An outside auditing agency didn't have to tell foxes and coyotes that their "angles" had to be just right before they could be expected to do any of their daily duties. Ability came first....what they looked like fell into place as happenstance.


----------



## Timothy Stacy (Jan 29, 2009)

A+ but I bet you get some people who want to argue ! That can not be more clear!


Robert Palmer said:


> Peter,
> 
> Since you seem to get what's going on here, where do you think the sticking point is for so many people?
> 
> ...


----------



## Robert Palmer (Oct 17, 2011)

Peter Cavallaro said:


> I was referring to the direction of flow of proven working dogs, the arrows dont point toward holland, hmmmm is there a reason for.
> 
> The traffic flow arrows point away from holland.


And the Czech republic. They have something resembling "German Shepherds", but they couldn't afford to be picky about looks and purity for many decades.


----------



## Peter Cavallaro (Dec 1, 2010)

Sticking point;


$$$$$$$$$$$$$$$$$$$$$$$$$$$$$$$$$$$$$$$$$$$$$$$$$$$$$$$$$$


It has never been about anything else.

I'm guessing you realise the work involved in selecting, training, owning and breeding a high level working dog.

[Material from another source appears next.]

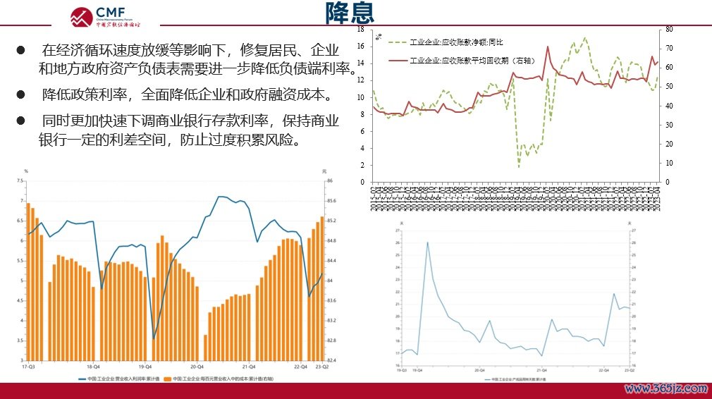 从企业端看,经济循环速度在逐渐放缓。上图中,红色曲线对应的工业企业应收帐款回收期在不断拉长,百元营收中的成本不断上行。这表明:一方面,当前经济循环放缓,企业收款时间变长;另一方面,成本上行将导致企业利润进一步降低。在这种情况下,资产负债表处于持续恶化的状态,需要进一步降低企业融资成本,降低利息支付,减缓成本端压力。在降息过程中,需要考虑到银行的净息差。因此,我们建议进一步全面降息,包括下调商业银行存款利率,从而保证一定的、正常的商业银行净息差空间,防止在商业银行领域出现过度风险积累。

absolutely anyone can just start showing and breeding show dogs and be successful.

No offence but confirmation showing are the bottom feeders. Talkin sense is not what keeps you at the bottom, hence the sticking point as you say.







Robert Palmer said:


> Peter,
> 
> Since you seem to get what's going on here, where do you think the sticking point is for so many people?
> 
> ...


----------



## Peter Cavallaro (Dec 1, 2010)

I think the C republic has been raped to death by US, not sure if its much more than a marketing scam now.

for whatever reason Holland can resist and drip feed the US without being raped by them, jmo.


----------



## Ben Thompson (May 2, 2009)

I don't think I have ever read any conformation standard for a GSD. It just doesn't interest me. I want to do the working thing so it really has no effect on me...at least none that I can see. 

I don't think having confromation dogs in existance ruins working dogs personally. All the kennels I looked at before purchasing a GSD pup did bite work and had nice straight backs. I just didn't see conformation having a effect on them or me. Its totally ignored. They do their thing I do mine. 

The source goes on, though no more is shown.